Lead Opinion
¶ 1 Lisа Friedman appeals the trial court’s decision to grant visitation rights to the paternal grandparents of her two children. She contends the court failed to accord sufficient weight to the presumption that her decision to deny visitation was in the children’s best interests, effectively shifting the burden of proof to require her to prove visitation was not in them best interests. For the reasons that follow, we affirm.
¶ 2 We view the record in the light most favorable to upholding the trial court’s decision. Johnson v. Johnson,
¶3 Roels has had supervised parenting time since the separation. He had no legal decision making authority over the children until August 2016, when he and Friedman agreed that while Friedman would retain “final decision making authority,” she would consult with Roels on non-emergency matters. The children received counseling beginning in June 2010 and participated in several family therapy sessions with Roels in 2012, 2013, and 2016. He had been abusive at times during the marriage, including yelling and losing his temper, and “kicking [M.] once” and “holding him and grabbing him once.”

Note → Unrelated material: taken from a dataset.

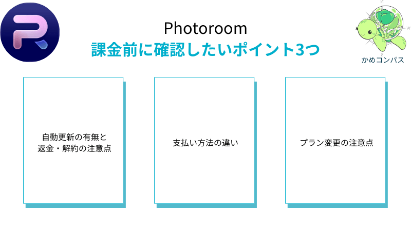 Photoroomで課金前に確認したいポイントは、以下の3つです。
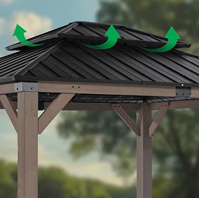 The advanced double roof design allows wind to pass through safely, enhancing its wind rating and stability. It also provides excellent ventilation, keeping the space cooler and more comfortable during hot weather.

¶4 In April 2014, paternal grandparents David Roels Sr. and Claudia Roels (Grandparents) filed a petition pursuant to A.R.S. § 26-409 to obtain court-ordered visitation. The trial court entered a temporary order allowing them to participate in Roels’s supervised parenting time for a minimum of one hour per month. At that time, they had not spoken to the children in nearly four years, at Friedman’s insistence.
¶ 6 The trial court conducted a two-day hearing in August 2015. Grandparents testified that before the parents’ separation, they had enjoyed a close relationship with the children. They had attended M.’s birth and met R. a week after hers and frequently travelled to Tucson to attend school and sports activities and spend time with the family. On two occasions, they had provided child care during the day for multiple-day periods and were a regular presence in the children’s lives. After the separation, Friedman cut off Grandparents’ access to the children and insisted there be no contact between them. Grandparents, however, attempted to maintain contact by sending the children cards and gifts for their birthdays and holidays.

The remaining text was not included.